Your assignment ▸ The task calls for every entry to be printed word for word, without the images.

Material provided ▸
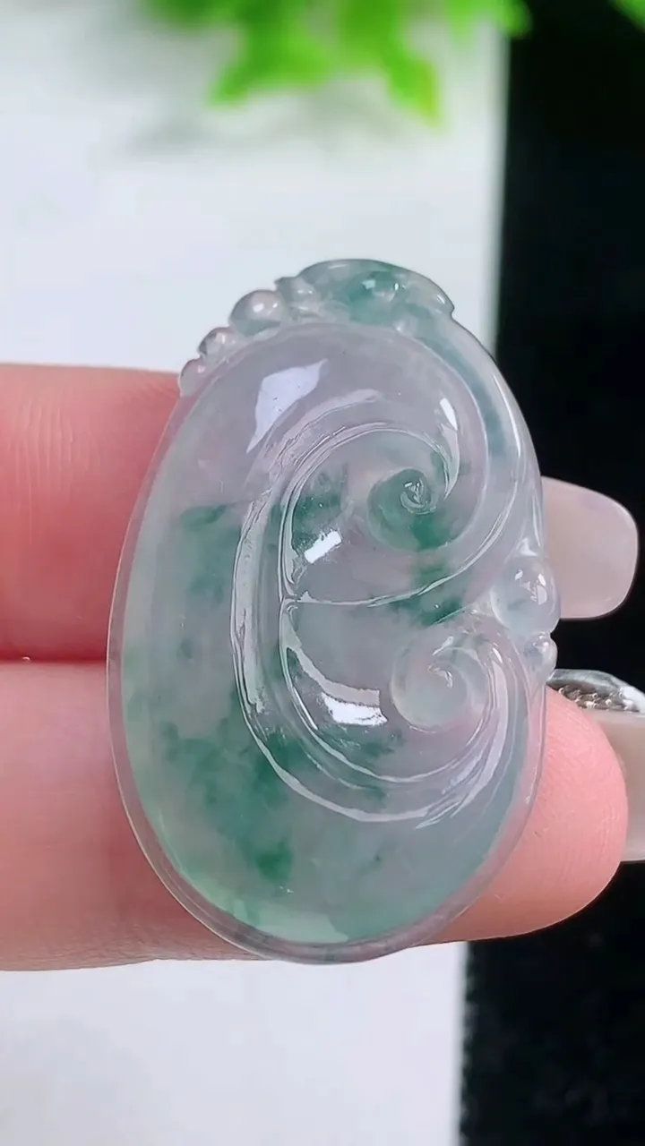 天然A货翡翠冰种飘花如意吊坠,尺寸34-20.6-5.4,重量:7.01g 1月19日
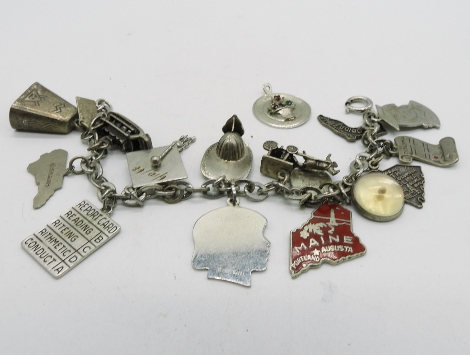 Vintage sterling charm bracelet with 16 charms. 7″ long. (25 dwt)
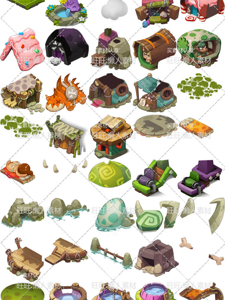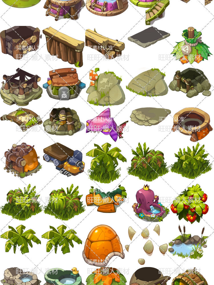 手游游戲素材資源 Q版可愛場景背景地圖元素 房屋花草地塊 0162價格行情
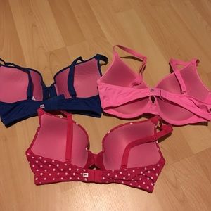 Hiii @evelynsxn !! I would love to keep the bras as a bundle because they are all the same size and style. I would be willing to accept a reasonable offer on the bundle ☺️ If the bundle does not sell soon, I would be willing to break up the bundle and sell you the blue one! If I decide to do that, I would tag you in a comment when I make a post for the blue bra 💙
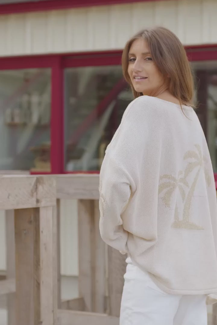 - Warm up on deck or at the shore in our Beige Intarsia Knit Gold Palm Sweater.
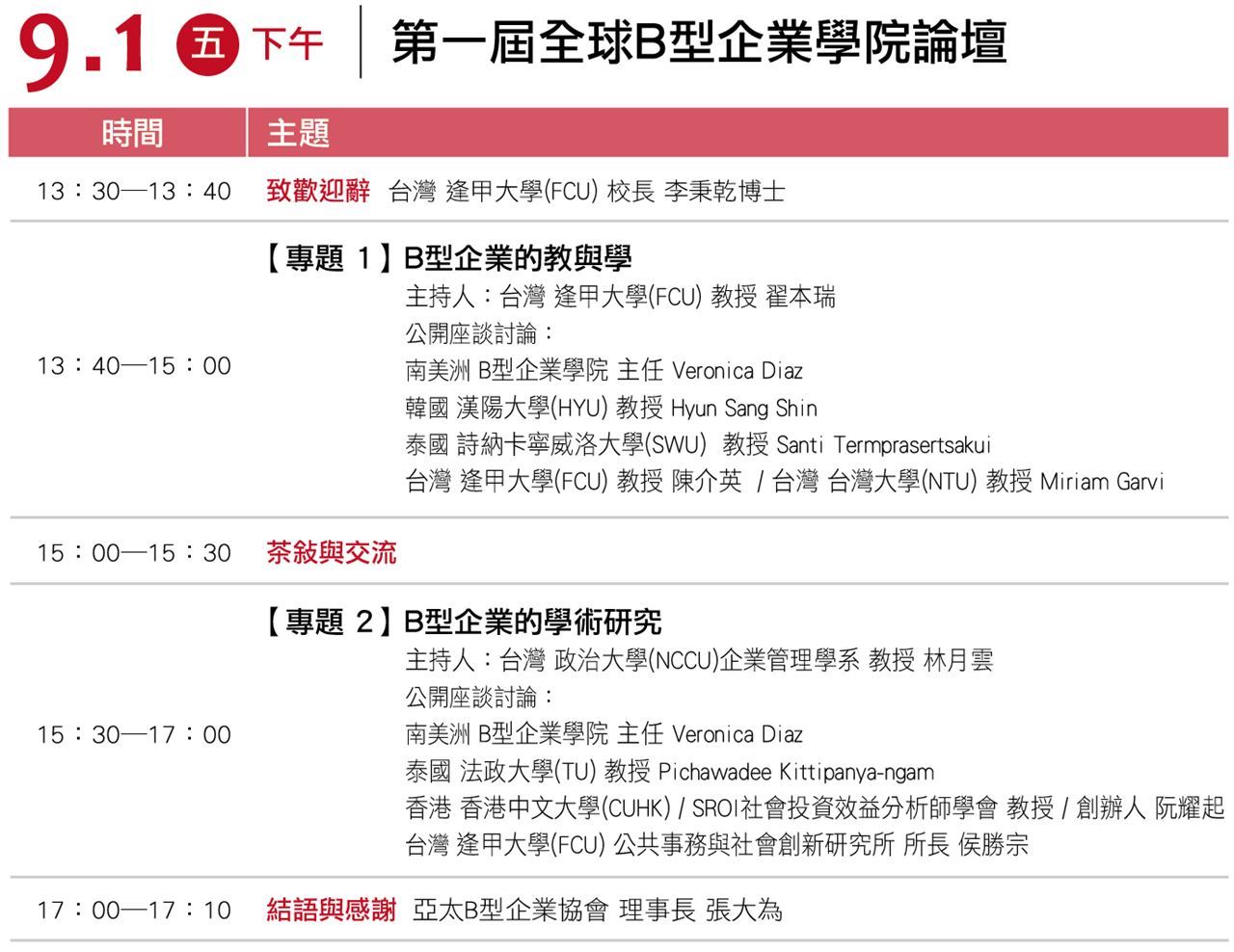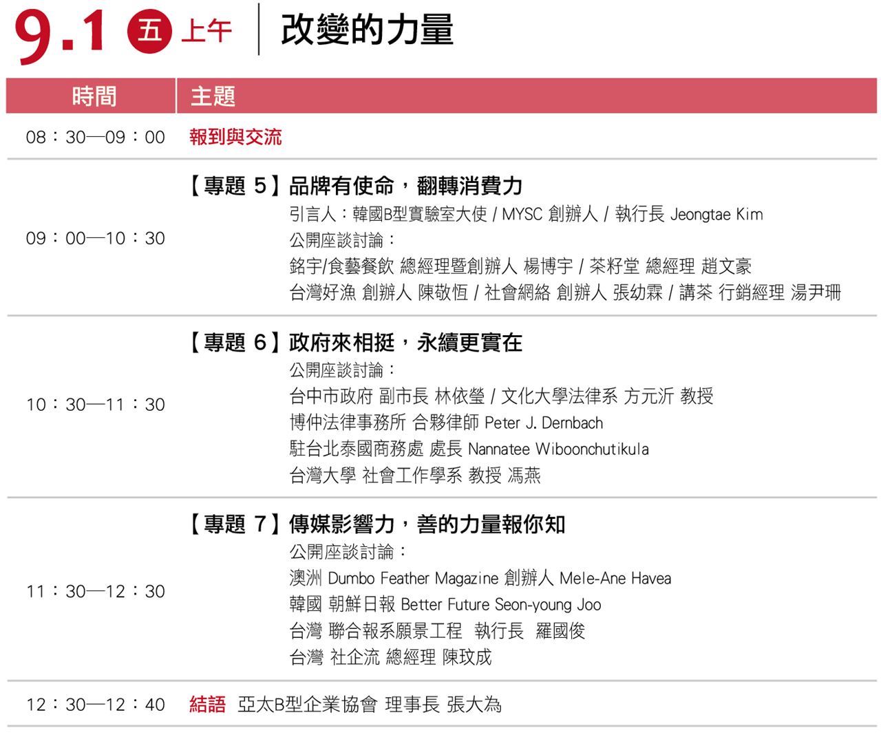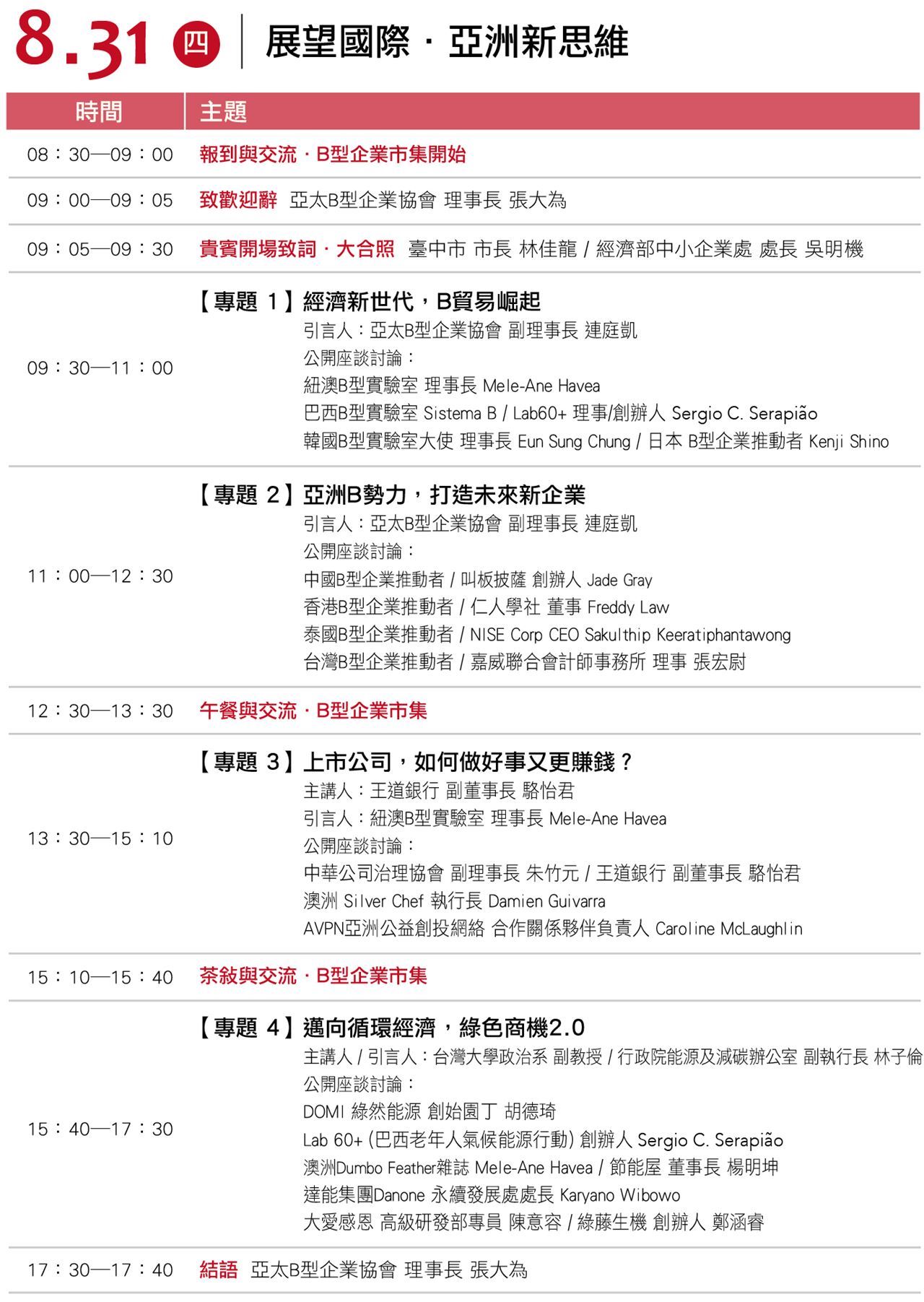 1. 您是參與「亞太B型企業協會」8/31-9/1 的活動嘉賓
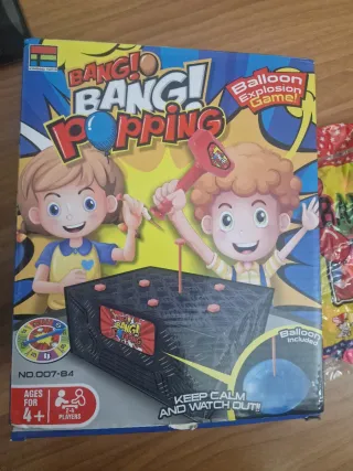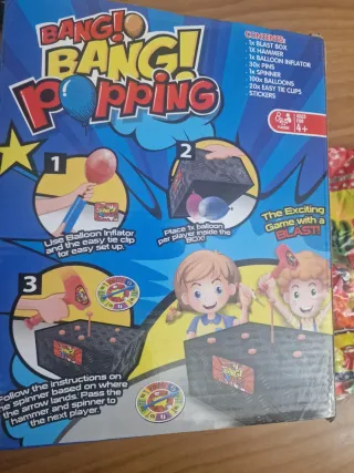 Gioco da tavolo Bang Bang Popping per 2-4 giocatori. Divertente gioco con palloncini scoppiettanti - Età consigliata: 4+ anni. - Include palloncini, martello, chiodini, spinner, pompetta per gonfiare i palloncini - Scatola originale.
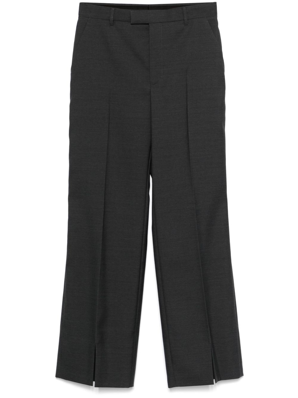 logo-embroidered straight-leg trousers Highlights - Medium grey - Concealed front button, hook and zip fastening - Belt loops - Two side slash pockets - Two rear welt pockets Made in Italy Composition Lining: Viscose 100% Outer: Wool 100% SIZE & FIT Model measurements Height 5 ft 10 in(1.77 m) Bust/Chest 32.28 in(82 cm) Hips 35.03 in(89 cm) Waist 25.19 in(64 cm) FittingInformation Designed with a wide-leg cut, these trousers allow for a close fit at the waist and offer a loose and roomy fit over the leg Made from a midweight non-stretch fabric
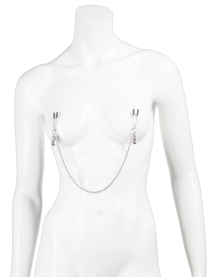 Końcowki zostały pokryte miękką powłoką silikonową, co chroni skorę i zapobiega otarciom, gwarantując wygodę nawet przy dłuższym użytkowaniu. Zaciski połączone są ozdobnym, metalowym łańcuszkiem, ktory dodaje całości elegancji oraz pozwala na rożnorodne zastosowania, w tym możliwość doczepienia dodatkowych akcesoriow.

Response to this task ▸
 天然A货翡翠冰种飘花如意吊坠,尺寸34-20.6-5.4,重量:7.01g 1月19日
 Vintage sterling charm bracelet with 16 charms. 7″ long. (25 dwt)
 手游游戲素材資源 Q版可愛場景背景地圖元素 房屋花草地塊 0162價格行情
 Hiii @evelynsxn !! I would love to keep the bras as a bundle because they are all the same size and style. I would be willing to accept a reasonable offer on the bundle ☺️ If the bundle does not sell soon, I would be willing to break up the bundle and sell you the blue one! If I decide to do that, I would tag you in a comment when I make a post for the blue bra 💙
 - Warm up on deck or at the shore in our Beige Intarsia Knit Gold Palm Sweater.
 1. 您是參與「亞太B型企業協會」8/31-9/1 的活動嘉賓
 Gioco da tavolo Bang Bang Popping per 2-4 giocatori. Divertente gioco con palloncini scoppiettanti - Età consigliata: 4+ anni. - Include palloncini, martello, chiodini, spinner, pompetta per gonfiare i palloncini - Scatola originale.
 logo-embroidered straight-leg trousers Highlights - Medium grey - Concealed front button, hook and zip fastening - Belt loops - Two side slash pockets - Two rear welt pockets Made in Italy Composition Lining: Viscose 100% Outer: Wool 100% SIZE & FIT Model measurements Height 5 ft 10 in(1.77 m) Bust/Chest 32.28 in(82 cm) Hips 35.03 in(89 cm) Waist 25.19 in(64 cm) FittingInformation Designed with a wide-leg cut, these trousers allow for a close fit at the waist and offer a loose and roomy fit over the leg Made from a midweight non-stretch fabric
 Końcowki zostały pokryte miękką powłoką silikonową, co chroni skorę i zapobiega otarciom, gwarantując wygodę nawet przy dłuższym użytkowaniu. Zaciski połączone są ozdobnym, metalowym łańcuszkiem, ktory dodaje całości elegancji oraz pozwala na rożnorodne zastosowania, w tym możliwość doczepienia dodatkowych akcesoriow.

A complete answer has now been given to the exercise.